The Realities Of Moving Abroad For Your Dream Job. Part Two.

Last time we met I was on day ten of living in the Netherlands. I had just moved here, looking for a job after making the most impulsive and life changing decision of my life to-date, all while on a ticking time bomb of a visa expiration date. If you didn’t catch it, you can check it out here. (The sparknotes version is that I moved to Amsterdam from Austin, Texas to find a job I’d be excited about, to learn how to make the best work possible from the best in the bizz, and grow as a creative and as a person. I gave up finishing my last semester of school in person, opting for online classes instead. I moved here on a tourist visa, which gave me a measly 74 days to find a job or an internship to sponsor me so I could stay in the Netherlands. I had no connections, no money, little to no real world work experience, just a dream and the determination to not accept “no” for an answer.

I mentioned in my previous article how important it is to believe in yourself, how you can’t achieve your goals if you don’t believe you can. I can say now, after going through my adventures in Amsterdam, that this is absolutely true. Finding a job out of college is incredibly difficult. Sometimes it doesn’t matter what internships you had, or what awards you’ve won, the job market is incredibly finicky and alters drastically frequently. Now take the uncertainty of an already temperamental job market, add on top the need for a sponsored visa, and a lack of connections, and you’ll understand why it’s imperative to believe in yourself. Sometimes you’re the only one who can or will.

In addition to believing in your own capabilities, you then need to hustle. Run towards the things you want. Don’t take no for an answer. And build your own self confidence to where rejection doesn’t feel like failure, it feels like an opportunity. Full disclosure, it took me a long time to get to this point. When I first moved here, and for the first few months of living here I seriously struggled with confidence and directness. I was a young creative nobody in a giant pond of super talented somebodies. But, I was determined to reach my goals, which meant pushing through the anxieties and fears and putting myself out there everyday.

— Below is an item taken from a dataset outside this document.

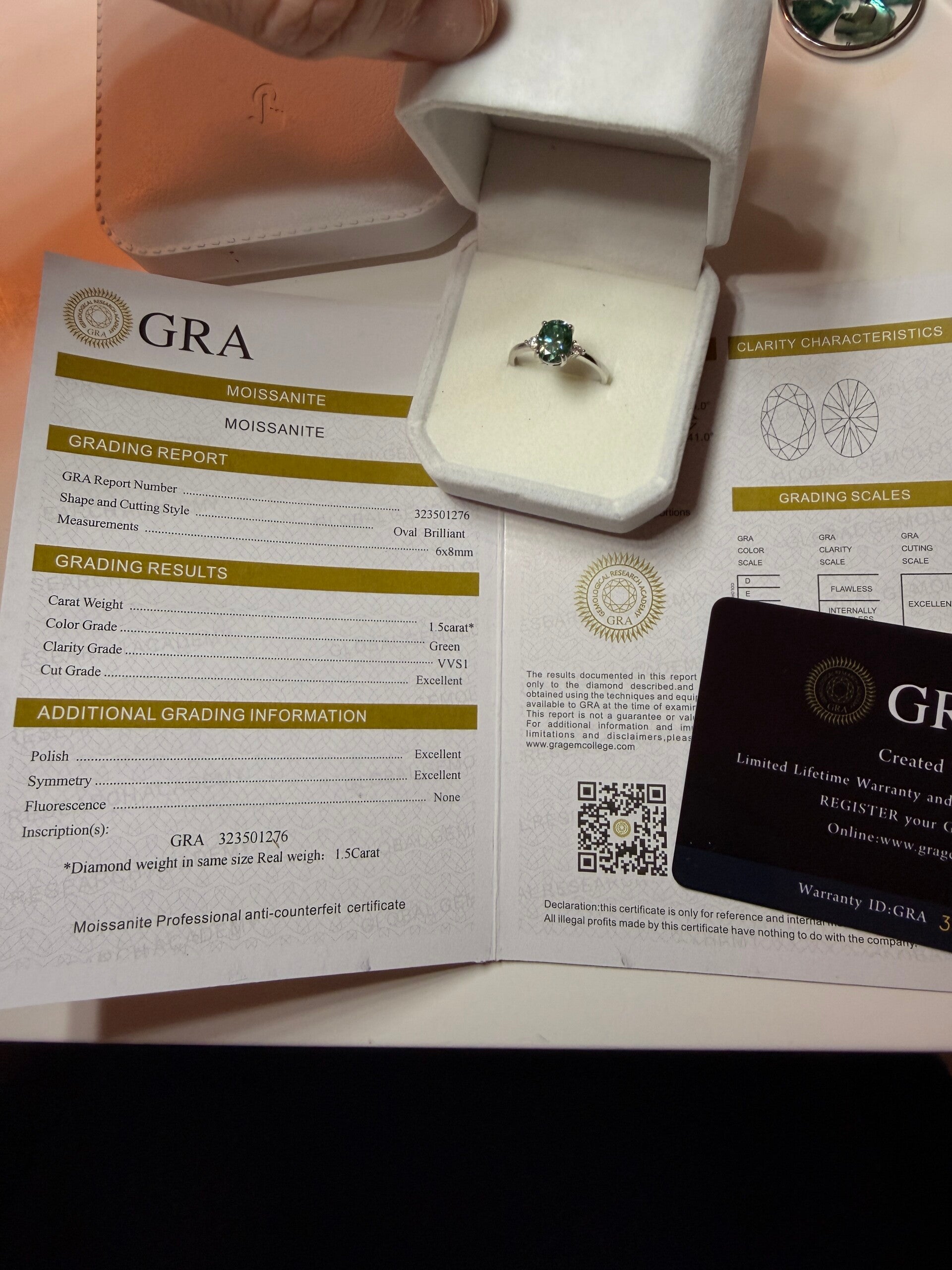 1,5 carat grønn Moissanite ring. Den er VVS1, excellent cut, Oval brilliant, 6x8mm. Ringen er S925 sølv og justerbar. Det medfølger GRA sertifikat.

When you only have 74 days to get a job, you pull out all the stops to get the right people’s attention. Being unknown in a completely new city meant making all new connections, hustling everyday, and working towards, what some have called, a fool’s errand. It’s incredibly difficult to break into the creative advertising industry, let alone do it in a foreign country where visas are an issue. But as I said before, you make the move, you hustle. It’s as easy as that.

In my time in the Netherlands I’ve met with at least 75 different creatives from all kinds of different agencies. I’ve met people from agencies like 72&Sunny to Anomaly to Wieden + Kennedy to Woedend! Agencies big and small, Dutch and international. Each time I met with someone I was able to make a new creative connection, which lead to another connection. Expanding a network and creating a web of people who believed in me and wanted to help find the right agency to take me in was pivotal to my success here. If you’re curious as to how I managed to do this, I did what every creative would do. I did everything from making stickers on my laptop that read “starving art director” to sending photos of myself pretending to be dead to a creative director. I was creative. I found ways to talk to people that were different from you stereotypical emails.

The stickers I made ended up making me LinkedIn famous (sort of), which turned into meetings and interviews with people all over Amsterdam. Those meetings led to more, and eventually, bada-bing bada-boom I got a job. With nearly two days left on my visa, I accepted a position at Studio Lore and Brand Articulations, and had a sponsored visa application sent in to the immigration office here in the Netherlands. So, you’re reading the words of the newest addition to the BA/SL fam, who has now spent the past two weeks working her ass off. Just goes to show, getting the job is only half the battle, once you’re in it is where the real fun starts.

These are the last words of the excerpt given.